#### TASK BRIEF:
Leave out every picture and set down, exactly, the lines below from the one holding "Silla de escritorio" up to and including the one holding "1. Ивахненко Е.Н., Никольский".

#### GIVEN ENTRIES:
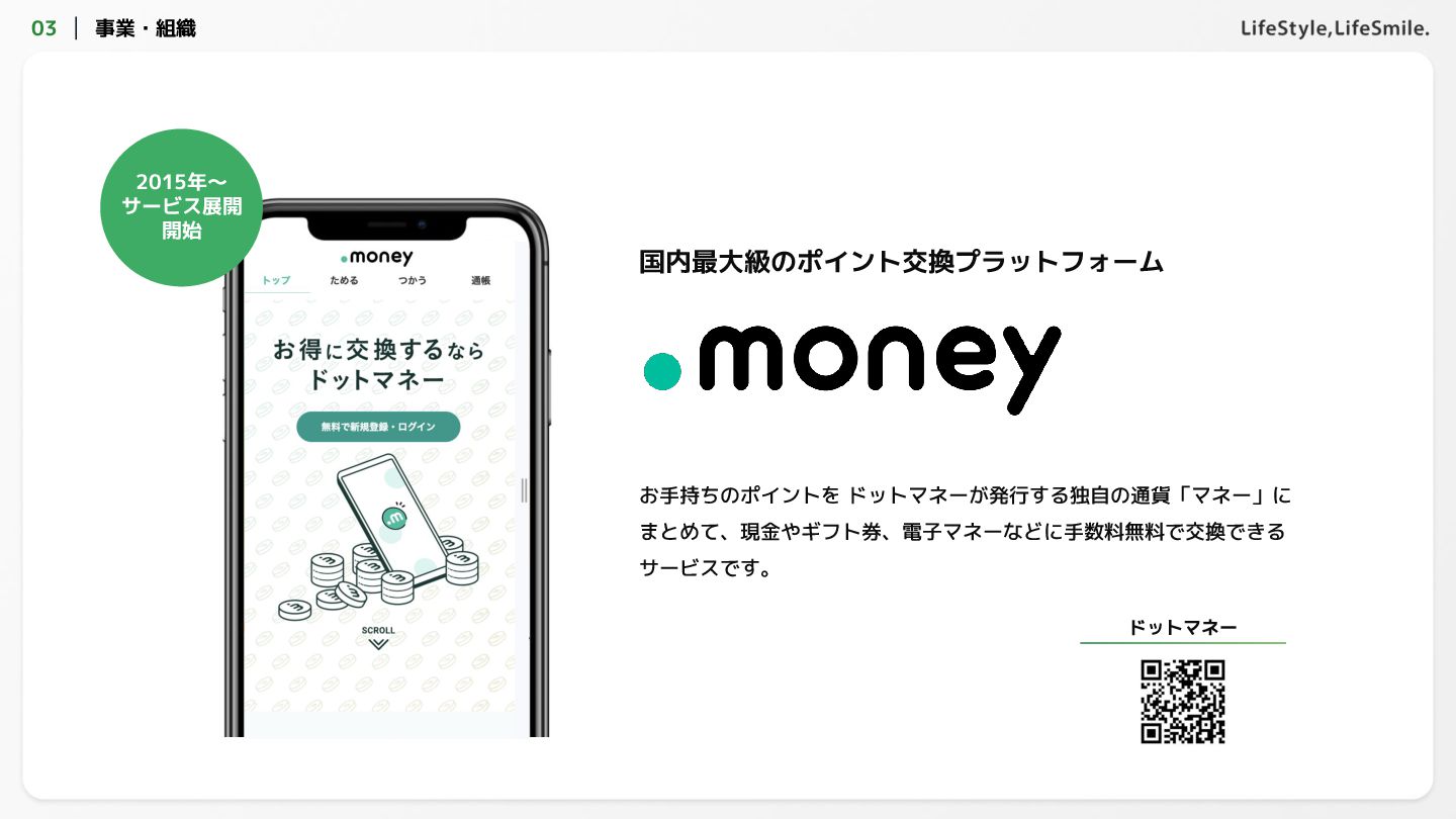 事業・組織 03 国内最大級のポイント交換プラットフォーム ドットマネー お手持ちのポイントを ドットマネーが発行する独自の通貨「マネー」に まとめて、現金やギフト券、電子マネーなどに手数料無料で交換できる サービスです。 2015年~ サービス展開
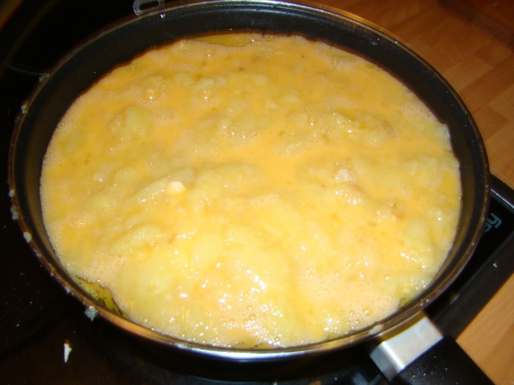 Escurro las patatas de aceite y las mezclo con los huevos y a la sartén
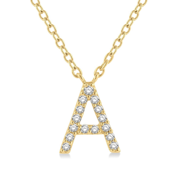 1/20 ctw Initial 'A' Round Cut Diamond Pendant With Chain in 10K Yellow Gold
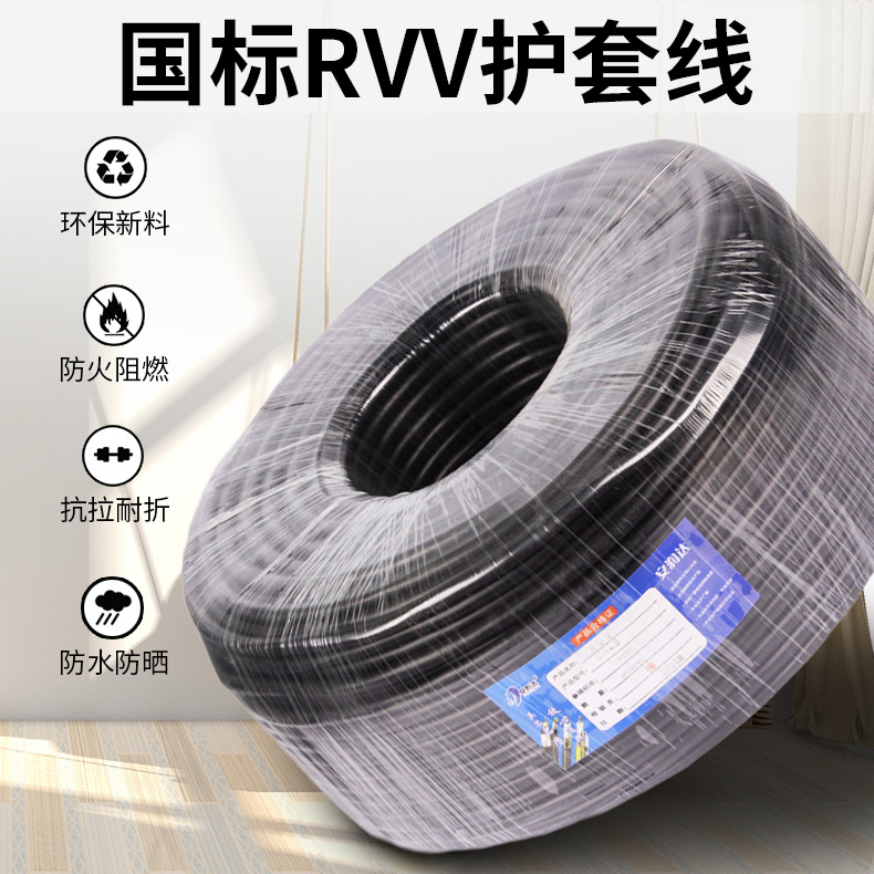 Pure copper core wire soft wire GB cable 2 core 3 core 4 core RVV sheathed wire household monitoring power cord foot meter
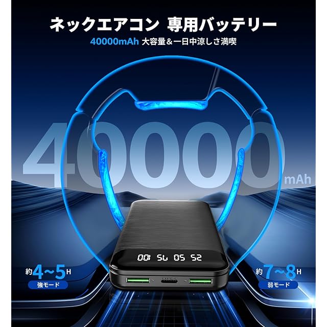 【40000mAh大容量バッテリーセット・強弱モード切替】軽量設計のため、USB Type-C給電式に進化しております。5V 2.2A以上仕様のアダプター・モバイルバッテリーに接続して稼働します。(※バッテリー内蔵なしで、充電式ではありません。バッテリーは別売です) 強モード:外気温より最大-17℃冷やす 、稼働時間約3H。弱モード:外気温より最大-13℃冷やす 、稼働時間約4H。(稼働時間は10000mAhのモバイルバッテリーを利用する場合測定したものです。)軽量&コンパクトで収納しやすく、携帯性に優れているのでカバンなどに入れて持ち運び便利です。炎天下の作業・通勤・通学・アウトドア・運動・散歩・山登り・BBQ・花火大会などあらゆる場面で活躍するアイテムです。
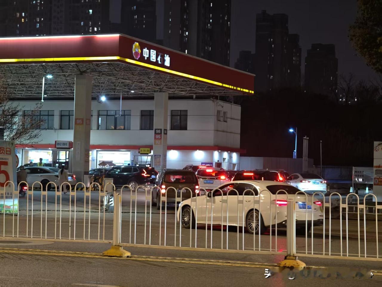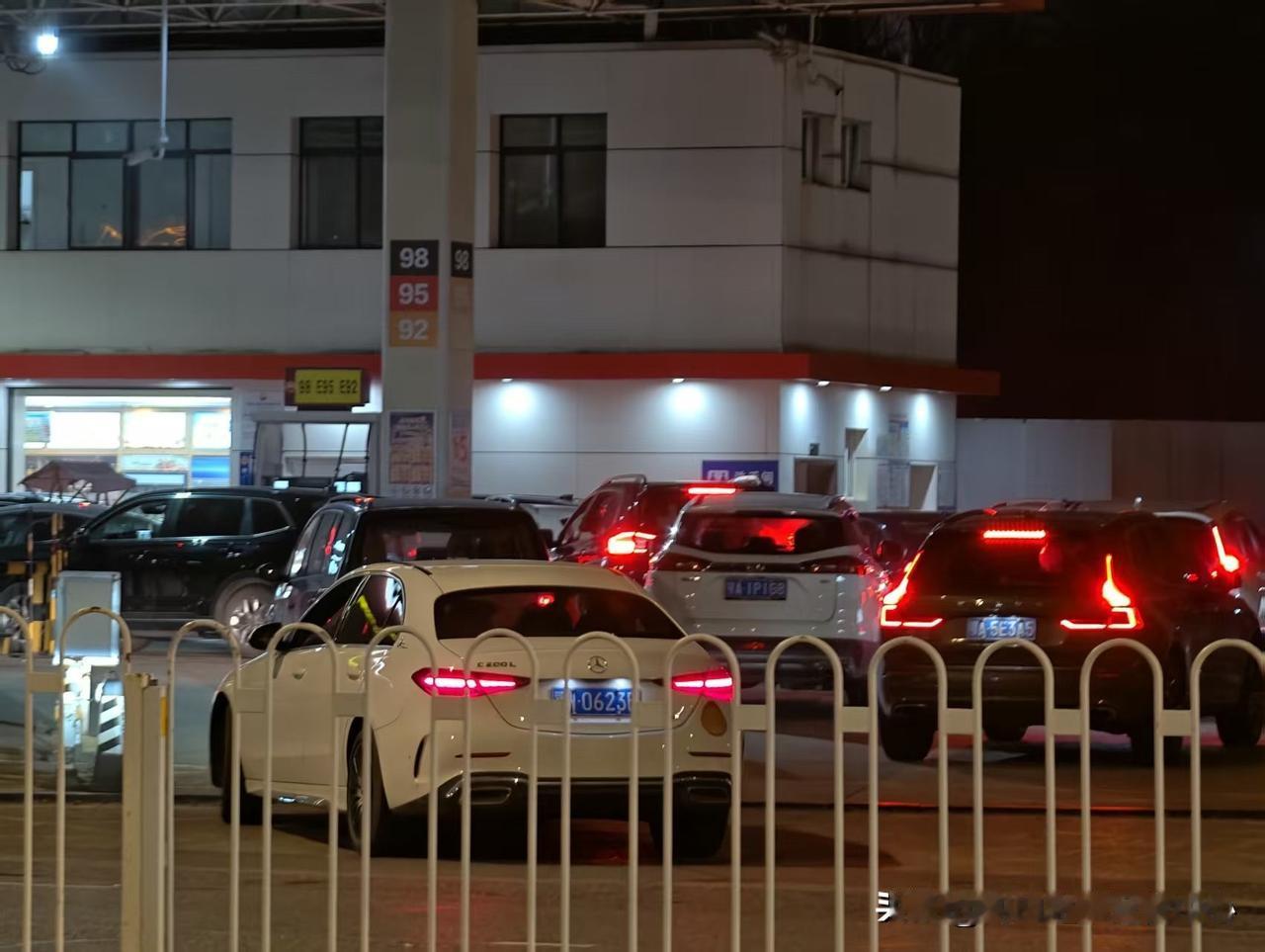 摄于3.22晚,车城西路小海豚和太子湖北路加油站。3月23 日24时,国内成品油迎来年内最大涨幅,92号、95号汽油每升上调约 1.7元,加满一箱多花近90元。消息一出,武汉车主连夜 “囤油”,城区各加油站瞬间爆满,车辆排成长龙,现场十分热闹。
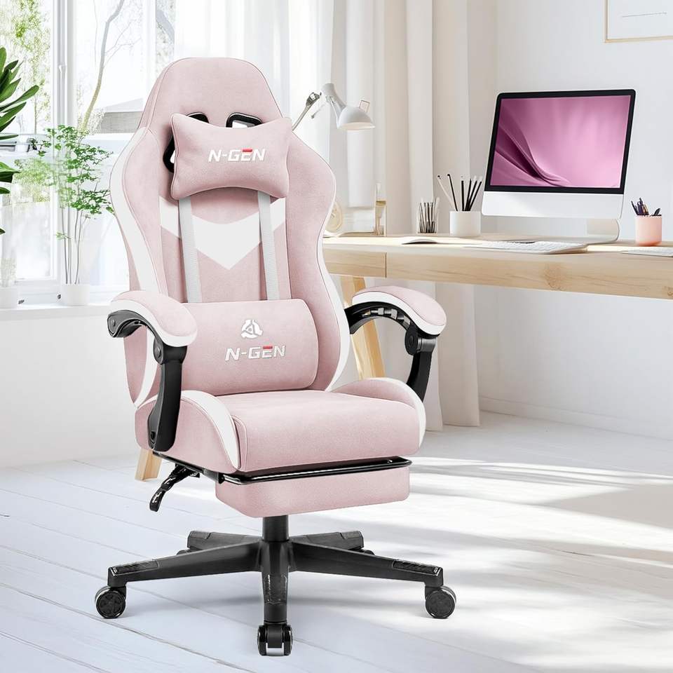 Silla de escritorio para oficina en casa Lovely, sillas gaming rosas con reposapiés
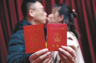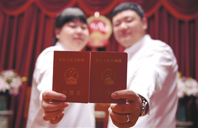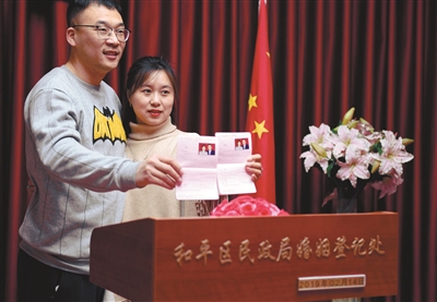 記者通過采訪了解到,昨天登記的新人中,總體上看,90后成為領(lǐng)證登記的“主力軍”,其中還有一些95后新人。
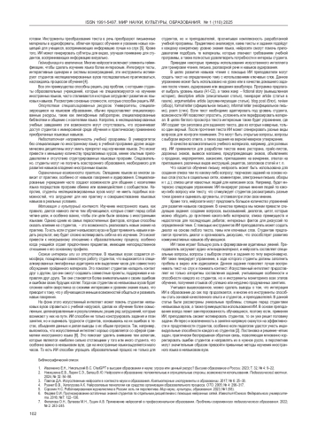 1. Ивахненко Е.Н., Никольский В.С. ChatGPT в высшем образовании и науке: угроза или ценный ресурс? Высшее образование в России. 2023; Т. 32, № 4: 9-22. EDN: TZHIHU
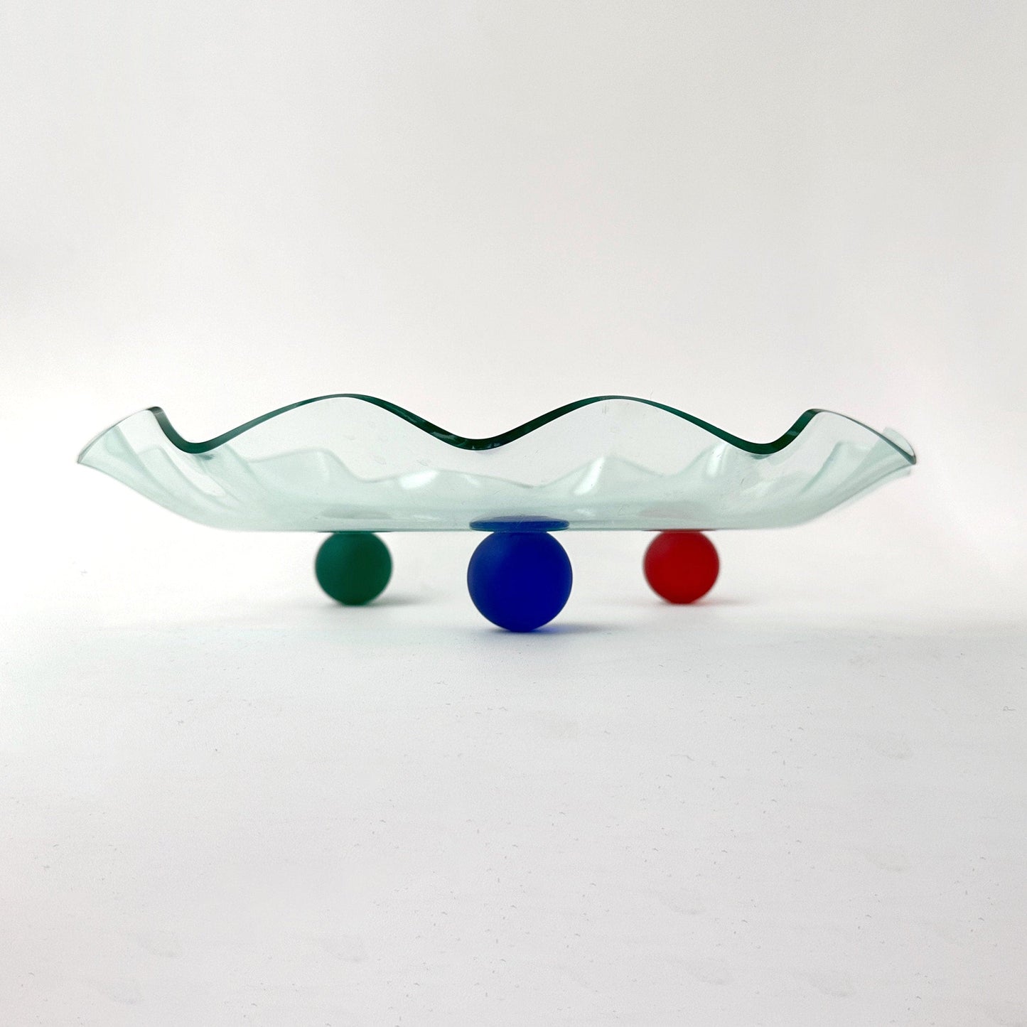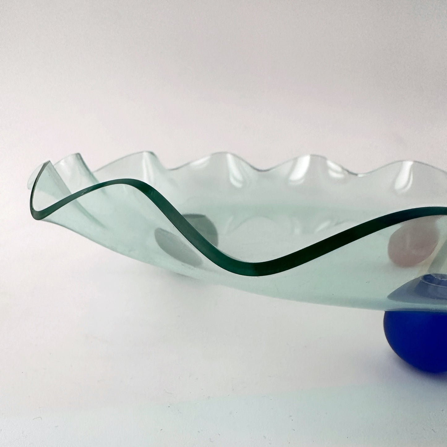 Bol en verre vintage de Laica Cristalleria en verre transparent en forme de vague, Italie, années 1990
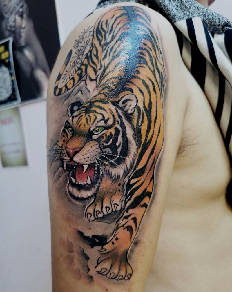 当前位置: 首页 >贵州省遵义市纹身店-粟刺青纹身图案>下山虎纹身图片_手臂老传统纹身图案

#### COMPLETED TASK:
 Silla de escritorio para oficina en casa Lovely, sillas gaming rosas con reposapiés
 記者通過采訪了解到,昨天登記的新人中,總體上看,90后成為領(lǐng)證登記的“主力軍”,其中還有一些95后新人。
 1. Ивахненко Е.Н., Никольский В.С. ChatGPT в высшем образовании и науке: угроза или ценный ресурс? Высшее образование в России. 2023; Т. 32, № 4: 9-22. EDN: TZHIHU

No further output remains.